AIM OF THE EXERCISE: Your task is to print all of the data below exactly, with no pictures included.

Items listed in a dataset
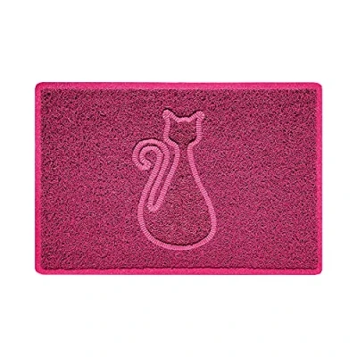 Nicoman Cat Shape Litter Box Mat, Dog Food Feeding Tray Matt, Non Slip, Easy Clean, Washable(60x40cm,Small),PINK
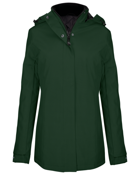 Buitenkant: 100% oxford polyester. Binnenkant: gewatteerde polyester. Ritssluiting met overslag en onzichtbare drukknopen. 2 ritszakken aan de buitenkant. 1 binnenzak. Afneembare capuchon. Kraag met fleecevoering. Drukkersrits.
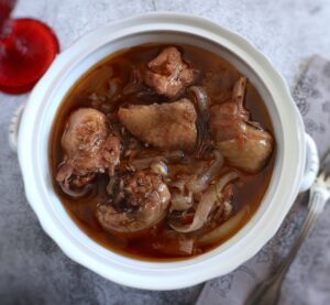 Qui n’aime pas le ragoût, surtout pendant les froides journées d’hiver. Ce délicieux ragoût de poulet arrosé de vin rouge et parfumé au romarin est
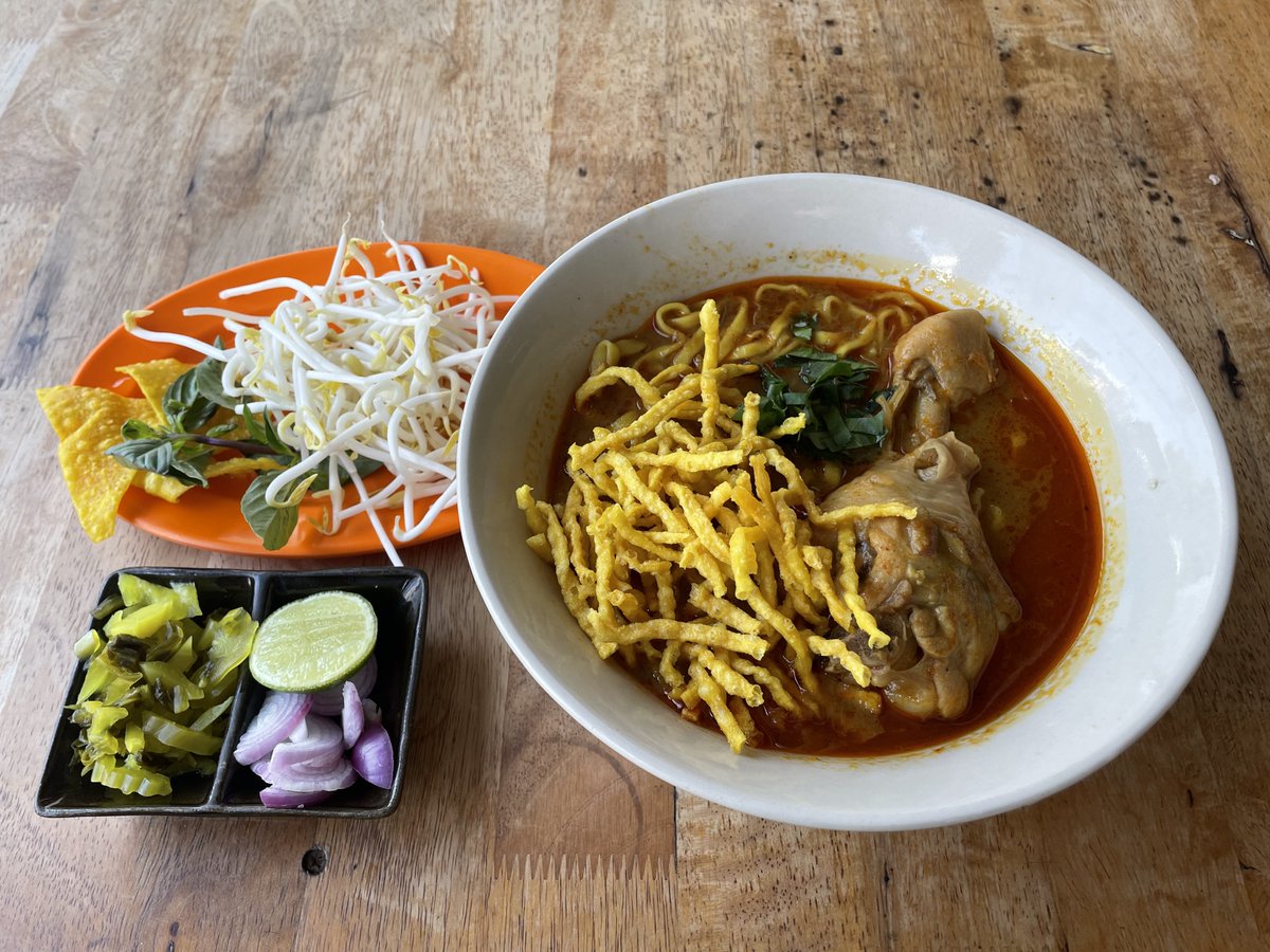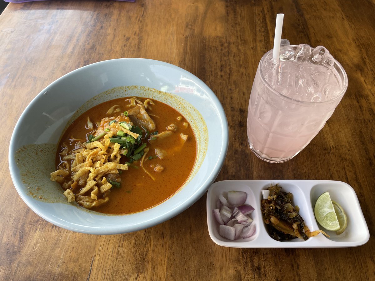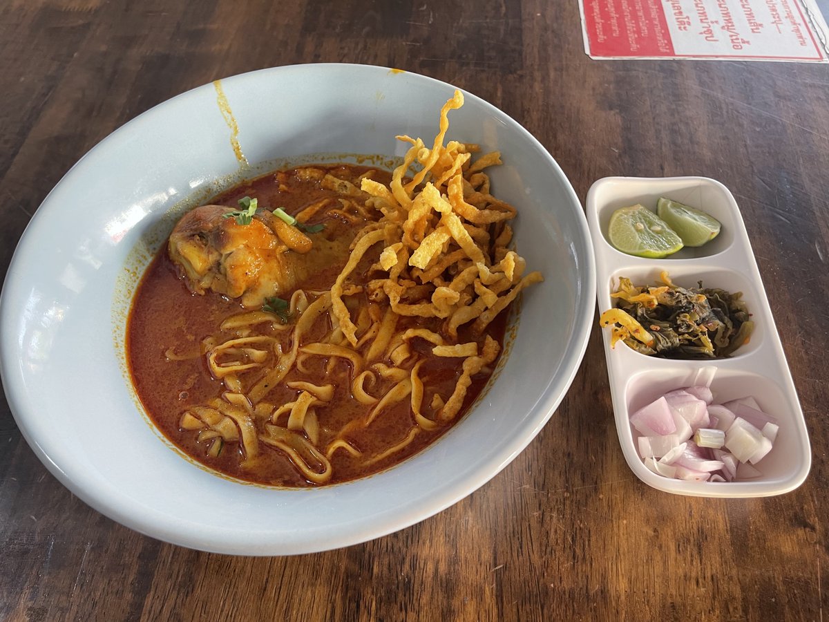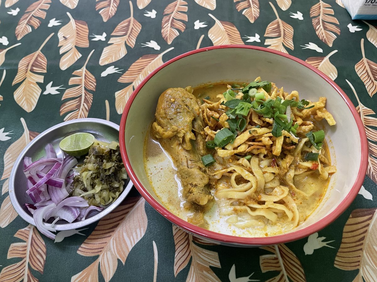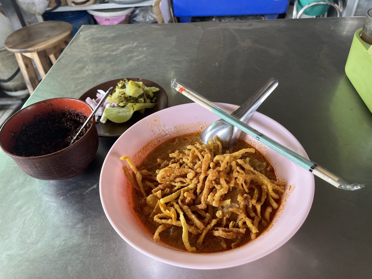 よもや昨日の夜もカオソーイ。友達と分けて食べたから全部じゃないけど一日ダブルカオソーイは初めてかも。日本でカオソーイ専門店できないかな、ワンコインぐらいで。円安でもはや日本と物価が変わらないと言われるチェンマイでも250円くらいなので。旨いのに~。
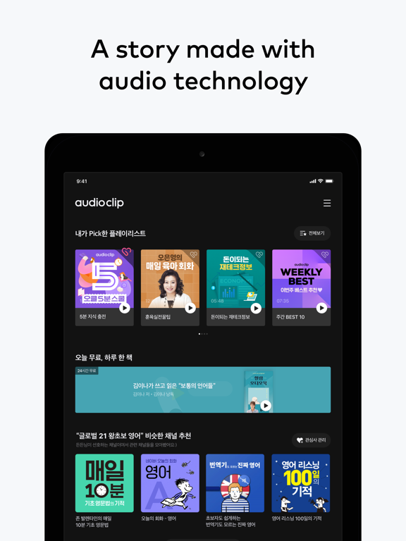 Audio dramas during commute time, knowledge lectures in preparing dinner, and foreign language conversations for 10 minutes on the subway! Meet contents on audio clips that fill your day with pleasure.
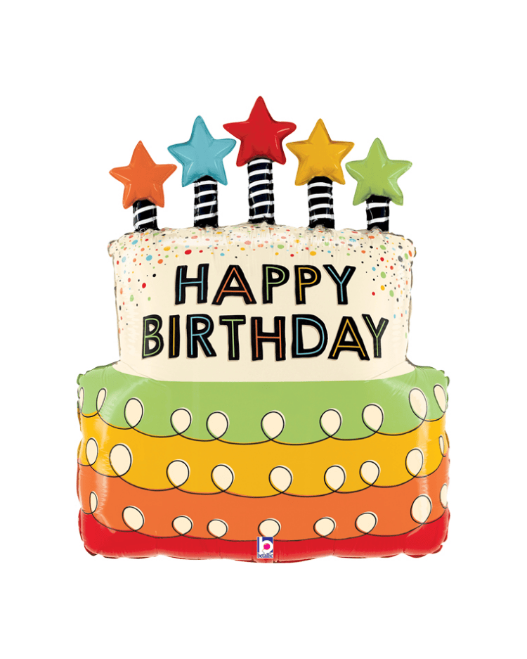 Tento produkt obsahuje nenafouknutý Supershape balónek ve tvaru dortu svíčky s hvězdami 66 cm, velikost 66 cm, vytvořený společností Grabo, jedním z předních italských výrobců balónků.
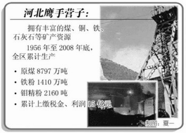 随着矿产资源的日渐枯竭,鹰手营子经济发展遇到困难。2009年3月5日,河北省承德市鹰手营子矿区被列入国务院确定的第二批32个资源枯竭型城市名单。鹰手营子矿区积极借助国家政策,探索转型之路。
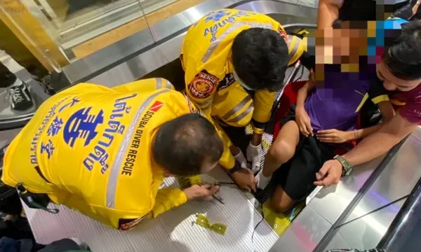 THÁI LAN - Một cậu bé 12 tuổi đã bị thương nghiêm trọng sau khi chân cậu bị kẹt vào thang cuốn tại một trung tâm mua sắm nổi tiếng ở tỉnh Nakhon Si Thammarat, miền nam Thái Lan.
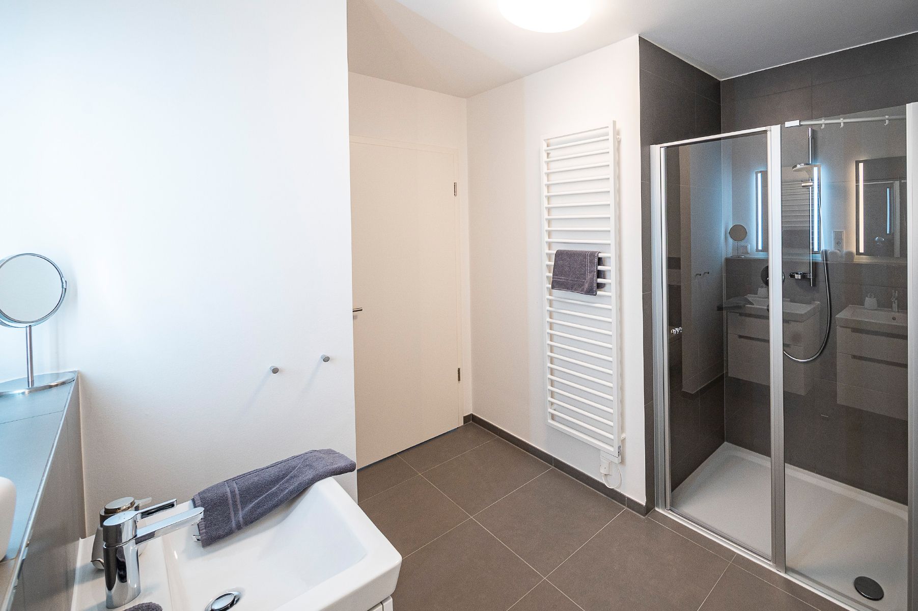 Tageslicht-Badezimmer mit ebenerdiger Dusche, zwei Waschbecken, Kosmetikspiegel und Fön.
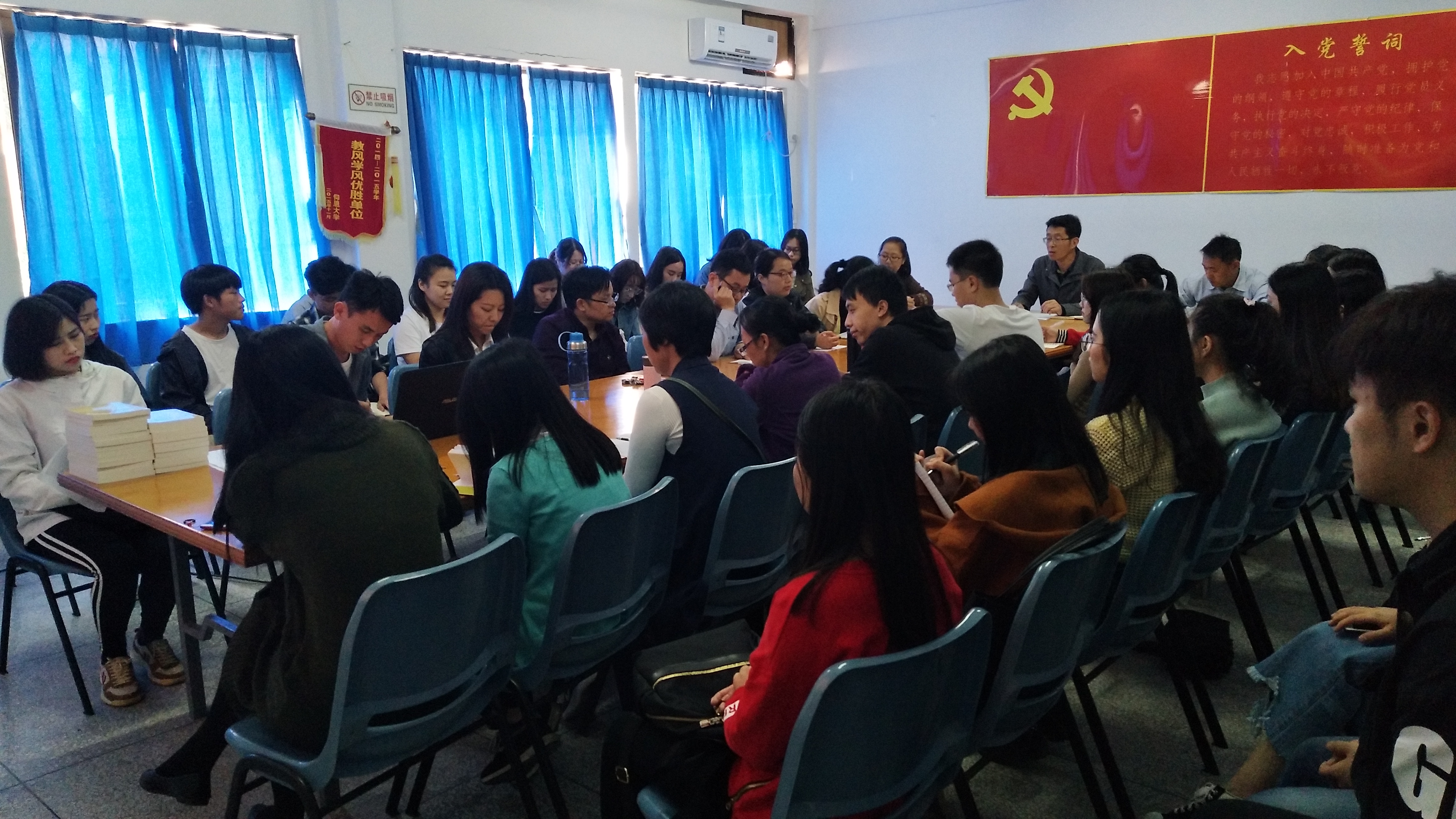 为进一步深入学习贯彻党的十九大精神,增强广大师生党员对十九大精神和十九届三中全会精神的全面领悟,4月18日下午,开云kaiyun官方网站党总支在曼谷楼206会议室召开全院师生党员大会。开云kaiyun官方网站党总支支委、教工党支部全体教师党员、全体辅导员以及各学生党支部全体在校生党员参加了此次大会。会议由党总支书记许惠铭主持。
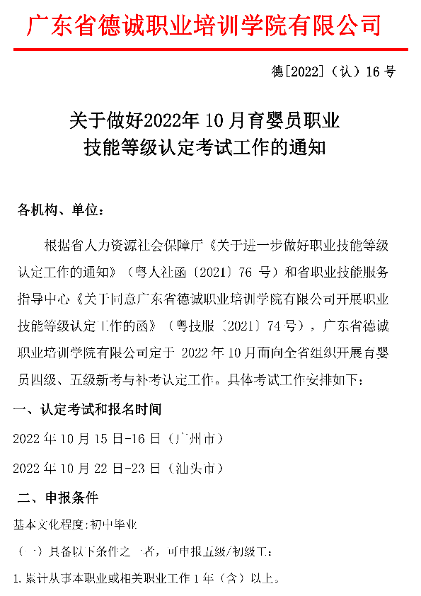 关于做好 2022年10月育婴员职业技能等级认定考试工作的通知

RESULT OF THE EXERCISE:
 Nicoman Cat Shape Litter Box Mat, Dog Food Feeding Tray Matt, Non Slip, Easy Clean, Washable(60x40cm,Small),PINK
 Buitenkant: 100% oxford polyester. Binnenkant: gewatteerde polyester. Ritssluiting met overslag en onzichtbare drukknopen. 2 ritszakken aan de buitenkant. 1 binnenzak. Afneembare capuchon. Kraag met fleecevoering. Drukkersrits.
 Qui n’aime pas le ragoût, surtout pendant les froides journées d’hiver. Ce délicieux ragoût de poulet arrosé de vin rouge et parfumé au romarin est
 よもや昨日の夜もカオソーイ。友達と分けて食べたから全部じゃないけど一日ダブルカオソーイは初めてかも。日本でカオソーイ専門店できないかな、ワンコインぐらいで。円安でもはや日本と物価が変わらないと言われるチェンマイでも250円くらいなので。旨いのに~。
 Audio dramas during commute time, knowledge lectures in preparing dinner, and foreign language conversations for 10 minutes on the subway! Meet contents on audio clips that fill your day with pleasure.
 Tento produkt obsahuje nenafouknutý Supershape balónek ve tvaru dortu svíčky s hvězdami 66 cm, velikost 66 cm, vytvořený společností Grabo, jedním z předních italských výrobců balónků.
 随着矿产资源的日渐枯竭,鹰手营子经济发展遇到困难。2009年3月5日,河北省承德市鹰手营子矿区被列入国务院确定的第二批32个资源枯竭型城市名单。鹰手营子矿区积极借助国家政策,探索转型之路。
 THÁI LAN - Một cậu bé 12 tuổi đã bị thương nghiêm trọng sau khi chân cậu bị kẹt vào thang cuốn tại một trung tâm mua sắm nổi tiếng ở tỉnh Nakhon Si Thammarat, miền nam Thái Lan.
 Tageslicht-Badezimmer mit ebenerdiger Dusche, zwei Waschbecken, Kosmetikspiegel und Fön.
 为进一步深入学习贯彻党的十九大精神,增强广大师生党员对十九大精神和十九届三中全会精神的全面领悟,4月18日下午,开云kaiyun官方网站党总支在曼谷楼206会议室召开全院师生党员大会。开云kaiyun官方网站党总支支委、教工党支部全体教师党员、全体辅导员以及各学生党支部全体在校生党员参加了此次大会。会议由党总支书记许惠铭主持。
 关于做好 2022年10月育婴员职业技能等级认定考试工作的通知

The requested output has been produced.